ABR aims to achieve all the benefits of OBR without the bad effects like pain, blood loss and longer time for rehabilitation. The initial results of ABR were discouraging with higher rate of redislocation [22, 23]. The principal reasons for failure were inability to identify associated bony lesions, significant learning curve, failure to address capsular laxity [24, 25].
In the recent years, there has been significant improvement in the results obtained with ABR and hence debate is again shifting to consider it as equivalent to OBR. In the past, few meta- analysis has been conducted comparing the results between two techniques however none has included randomised controlled trials exclusively to formulate the opinion [4, 22].
In the meta-analysis, it was seen that the patients who had ABR were better in terms of external rotation at shoulder in comparison to patients who had undergone OBR .
The strength of our meta- analysis is that we had included only randomised control trails for analysis. With our strict inclusion criteria, only five studies with 415 subjects were considered. Combining and evaluating the results between 207 cases of ABR and 208 cases of OBR, we found lower rates of redislocation in ABR and the results were statistically significant (P=0.016).

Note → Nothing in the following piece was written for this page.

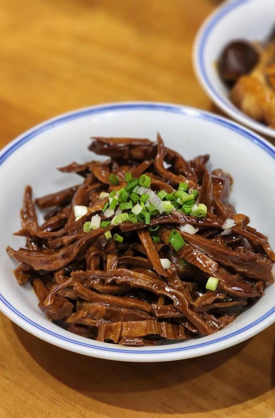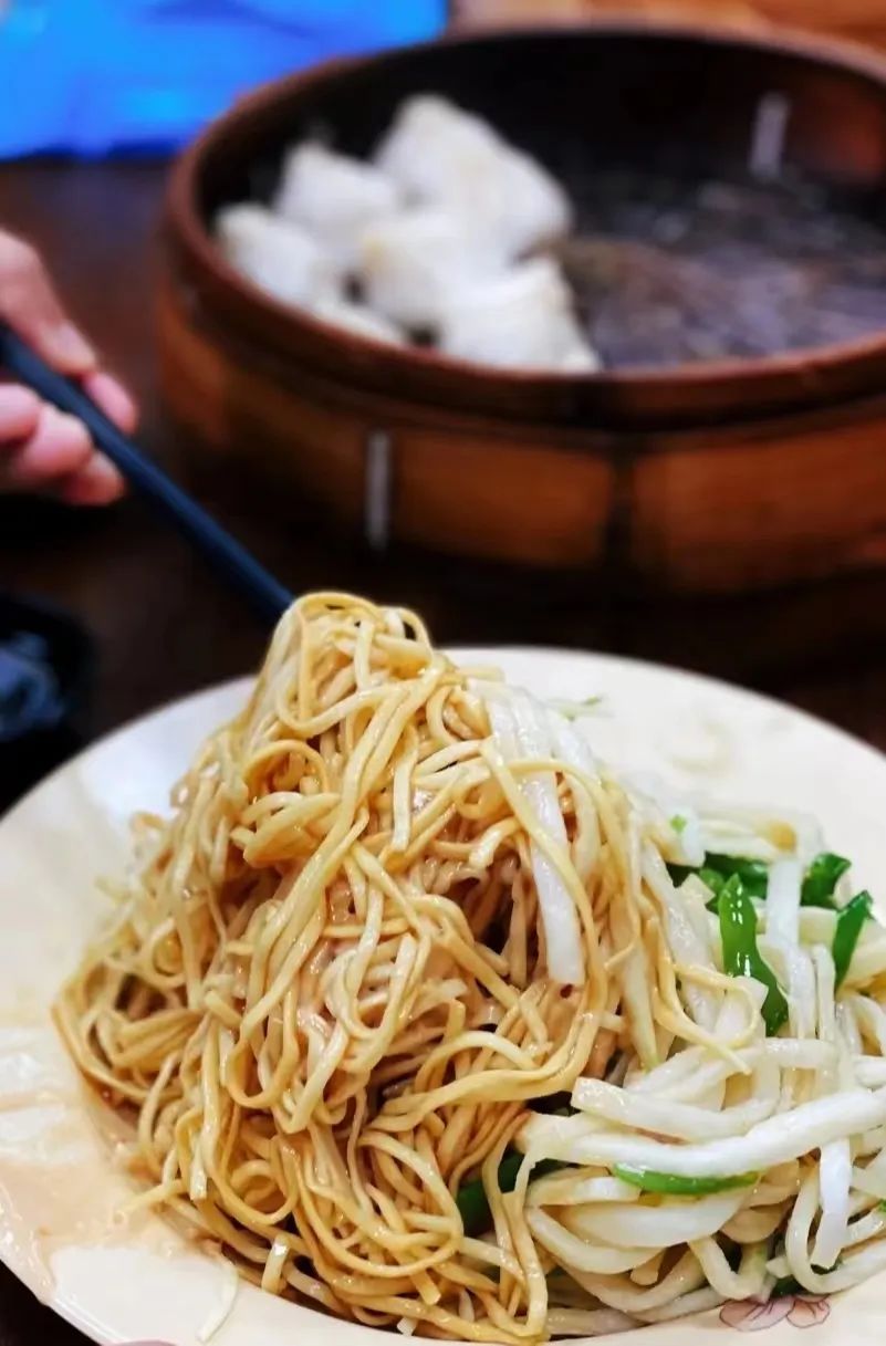 现炒的浇头,总体有些过了火侯,咸味稍重。辣酱是当家浇头,豆腐干、笋丁切得方正,吸足开洋的鲜香,拿来下粥也是极好的。呲溜一口面,就一口汤色清透的双档,正是老底子的饮食审美框架。冷面被写进上海人的面食基因里,丰裕、德兴馆、东泰祥、一心斋、小绍兴……数不完的老字号。

The limitations of the study were non-homogenous populations and different studies have stressed on different outcome measurement assessment scales thus making comparison difficult variability in outcome assessment measurement. Factors like level of individual activity, degree of instability (dislocation vs instability) were not reported in each study. The sample size was relatively small except in one study by Mohatadi et al.  The level of expertise also varies considerably in various surgeons opting for either ABR or OBR.
The study observed lower range of motion but better shoulder stability in OBR group. However, the difference was not statistically significant in terms of movement at shoulder joint but the stability was certainly better than arthroscopic group. Larger randomised controlled trials are needed to draw strong conclusions regarding the superiority of one technique over the other.
CONSENT FOR PUBLICATION
CONFLICT OF INTEREST
The authors declare no conflict of interest, financial or otherwise.
The authors and their immediate families did not receive any financial payments or other benefits from any commercial entity related to the subject of this article.
The authors thank Mr. Baltej Singh, statistician, department of community medicine, Guru Gobind Singh Medical College, Faridkot, India for help in conducting statistical analysis.